Furthermore, for the West, this sort of relationship was born in Judeo-Christian history and from its morality so obviously, the best sort of advice would come from people who subscribe to this worldview; instead of tapping a tantric sexologist (who by all accounts appears to be unmarried and childless) for relationship guidance, find a couple who’ve been married to each other for decades, and ask them what they might suggest, which I guarantee wouldn’t be racking up notches on the bedpost.

What other advice does this expert have for young ladies? Does she encourage them to keep their maiden names when entering into a marriage? Does she suggest that children should have hyphenated names? Does she propose separate bank accounts and 50/50 financial responsibility so the XX partner (“wife” is just so “old-fashioned”) mainstains a sense of “equality” and “independence”? Does she encourage divorce at that first speedbump, because above all, “happiness” comes before commitment? Does she suggest third-party lovers and pornography to spice things up when dry spells occur?

Lastly though, the therapist’s suggestion just defies common sense, for several reasons. First off, sleeping around invites sexually transmitted diseases, which can often be earth-shattering, and opens the door to unplanned pregnancies, which often leads to abortion (again, earth-shattering). It’s a route littered with minefields, so encouraging someone to take a risky path, for something as cheap as a dopamine hit, is categorically unwise—and then, how does that dopamine hit in the moment compare to the rejected aftermath when the lover “ghosts” the girl wanting a husband?
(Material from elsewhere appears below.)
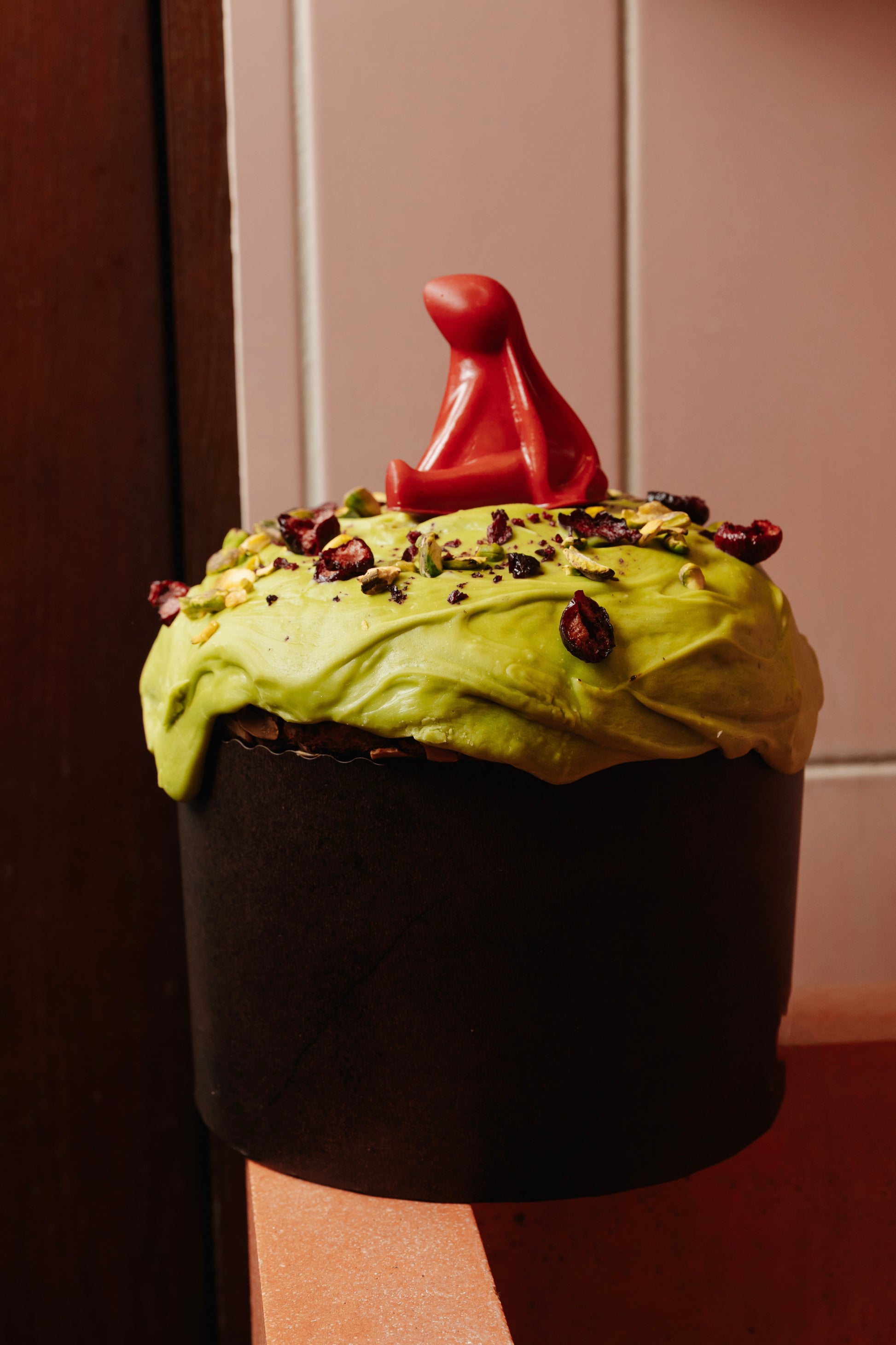 Ароматна паска на жовтках з апельсиновою нотою. Серединку наповнюємо фісташковим кремом, вершками та соковитою вишнею. А зверху – фігурка з білого шоколаду, згущеного молока та сублімованої вишні. Той самий улюблений смак, тільки в святковому форматі.

This also comes to mind: “Why buy the cow when you can get the milk for free?” Like I said, blind leading the blind. Thomas Paine once said this:

What we obtain too cheaply we esteem too lightly; it is dearness only that gives everything its value. Heaven knows how to put a proper price upon its goods; and it would be strange indeed if so celestial an article as freedom should not be highly rated.

Now, replace “freedom” with “fidelity,” “purity,” or “marriage,” and the aphorism remains true—and why is that? Well, because reality, and morality are in fact objective, non-contingent upon time or culture, to the woe of anyone being advised by the “expert” in question.